Loadshedding costs hit Pick n Pay share price

The energy crisis in the country has caused Pick n Pay South Africa’s share price hit its lowest mark this week with the retailer’s shares dropping 9% to its lowest in a decade.
The commodity retailer has spent more than half a billion rands in diesel to keep its generators working.

The retailer said the high cost of purchasing diesel for its generators has had a huge impact to its operations, denting its profit margins.


Its share price on the JSE on Thursday closed 9.16%, which saw it to trade lower at R37.39.

The retailer has spent R522-million in total on diesel and a net amount of R430-million when it takes its electricity savings into consideration.

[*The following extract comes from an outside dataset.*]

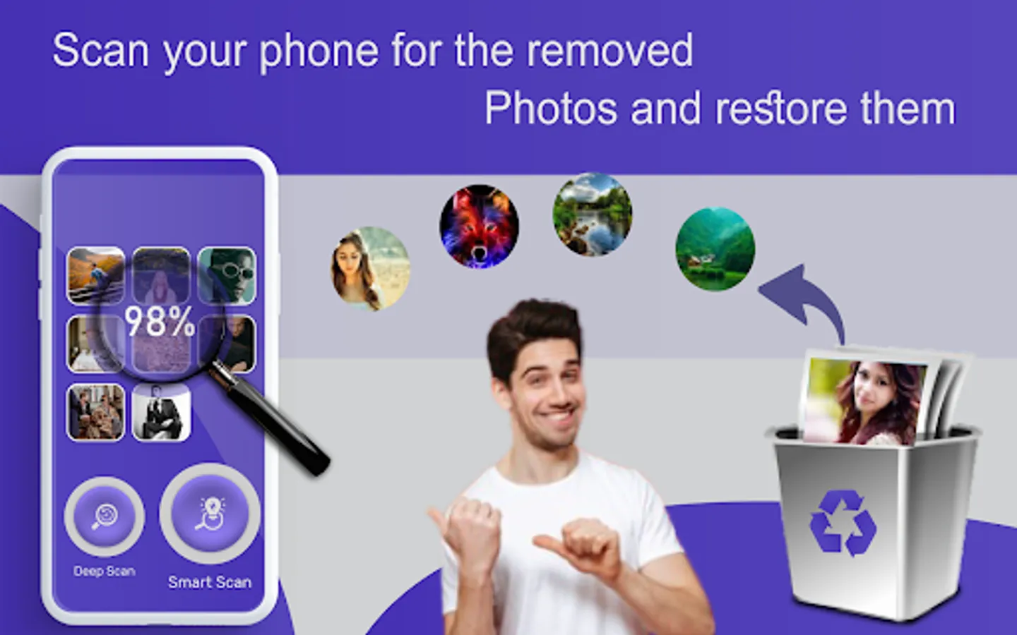 Download our latest Restore Photos and Backup Photos App. Deleted photos recovery to discover data too with unique enhanced phone data recovery features can find lost photos or recently deleted data. Trash bin and recover deleted files app automatically and may check your recent deleted files which are recently deleted.

“The ongoing crisis in national electricity generation is having a profound impact on the group and the country. All the Pick n Pay and Boxer stores have backup power and have been operational throughout the difficult loadshedding period.

“However,” says the retailer, “loadshedding has resulted in customer disruption, presenting supply chain and procurement challenges given the significant diesel expenditure costs to run generators, extra repairs and maintenance running ahead of normal demands”.

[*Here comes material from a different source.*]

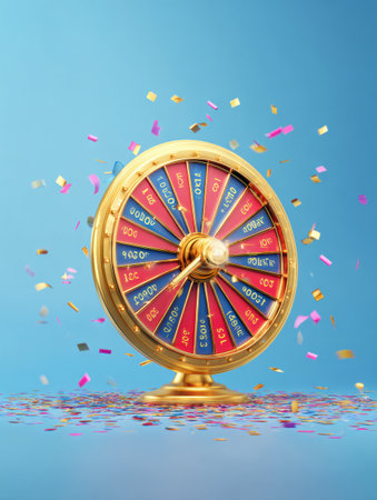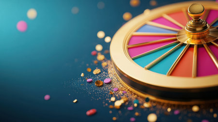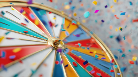 A vibrant fortune wheel spins with confetti, creating an exciting atmosphere of anticipation in a festive moment.

The retailer stated that energy usage reduction has multiple work streams, including further investment in energy-efficient LED lighting and the installation of automated controls to switch off certain equipment during loadshedding.

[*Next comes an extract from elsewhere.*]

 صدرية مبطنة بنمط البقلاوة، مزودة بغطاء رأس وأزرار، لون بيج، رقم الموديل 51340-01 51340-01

“Negotiations with landlords are ongoing in support of maximising landlord solar installation and the purchase of renewable electricity from landlords. Installing in-store battery energy storage solutions to operate supermarkets sustainably through loadshedding. The group is in the process of trialling such solutions in several supermarkets and will critically assess the return on investment, while making the case to government for diesel tax rebates.”
The group’s sales at Pick n Pay and Qualisave grew by 4.3%.

Pick n Pay has also invested R4-billion in capital projects in financial year 2023, an 87% increase on the R2.1 billion invested in 2022 in line with accelerated investment plans.

The group stated that its capital investment for the financial year of 2024 was expected to be in the rage of R3.5-billion to R4.5-billion.

The retailer has reduced food waste by 30% over the past four years with the intention to reducing it by 50% in 2030 through donating more than 880 tons of edible surplus food to NGOs.